WHAT TO WORK ON ▸
Transcribe nothing except the lines below that run from the one with "T654 • T754" to the one with "Όταν μεγάλωσε, μια", ends included, and do not copy any picture.
##### DATASET EXTRACT #####
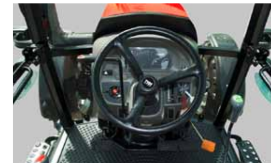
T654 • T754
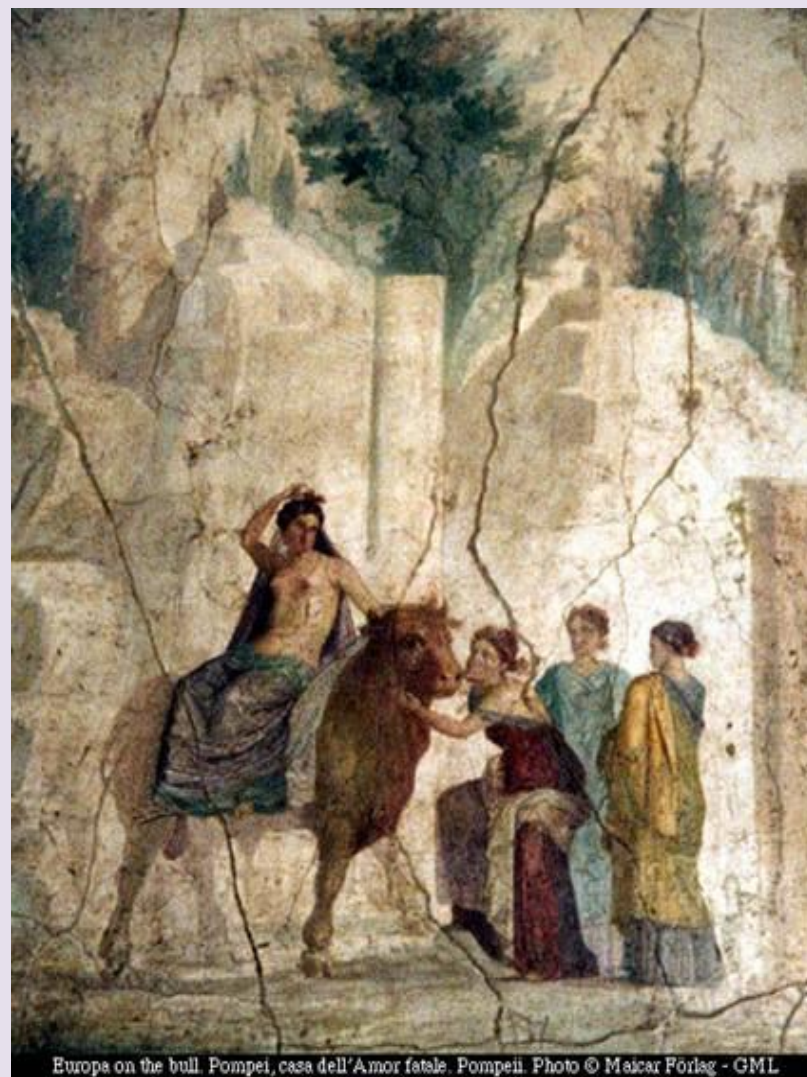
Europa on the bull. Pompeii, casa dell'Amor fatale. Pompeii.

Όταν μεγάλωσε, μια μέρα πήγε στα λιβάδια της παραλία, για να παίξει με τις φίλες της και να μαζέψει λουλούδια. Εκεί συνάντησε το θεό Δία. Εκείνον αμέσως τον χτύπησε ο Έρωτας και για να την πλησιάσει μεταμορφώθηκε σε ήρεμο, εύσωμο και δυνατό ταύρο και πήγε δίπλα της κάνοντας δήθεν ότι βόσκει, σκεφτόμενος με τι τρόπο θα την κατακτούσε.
#####
##### DATASET EXTRACT #####
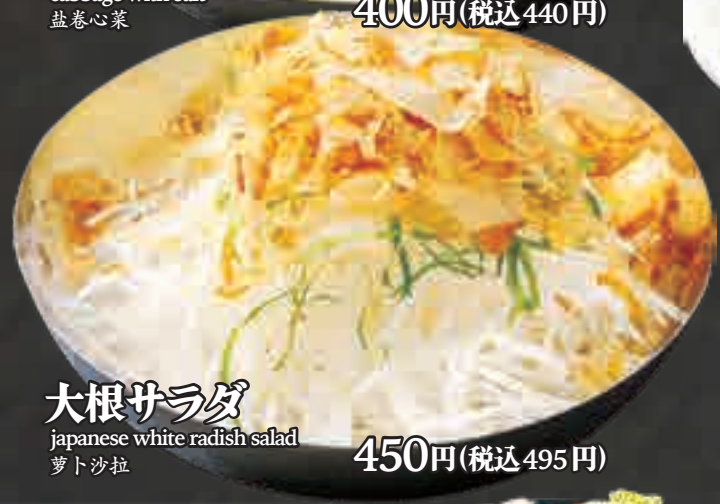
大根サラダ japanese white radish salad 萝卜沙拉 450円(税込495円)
#####
RESULT OF THE EXERCISE ▸
T654 • T754
Europa on the bull. Pompeii, casa dell'Amor fatale. Pompeii.

Όταν μεγάλωσε, μια μέρα πήγε στα λιβάδια της παραλία, για να παίξει με τις φίλες της και να μαζέψει λουλούδια. Εκεί συνάντησε το θεό Δία. Εκείνον αμέσως τον χτύπησε ο Έρωτας και για να την πλησιάσει μεταμορφώθηκε σε ήρεμο, εύσωμο και δυνατό ταύρο και πήγε δίπλα της κάνοντας δήθεν ότι βόσκει, σκεφτόμενος με τι τρόπο θα την κατακτούσε.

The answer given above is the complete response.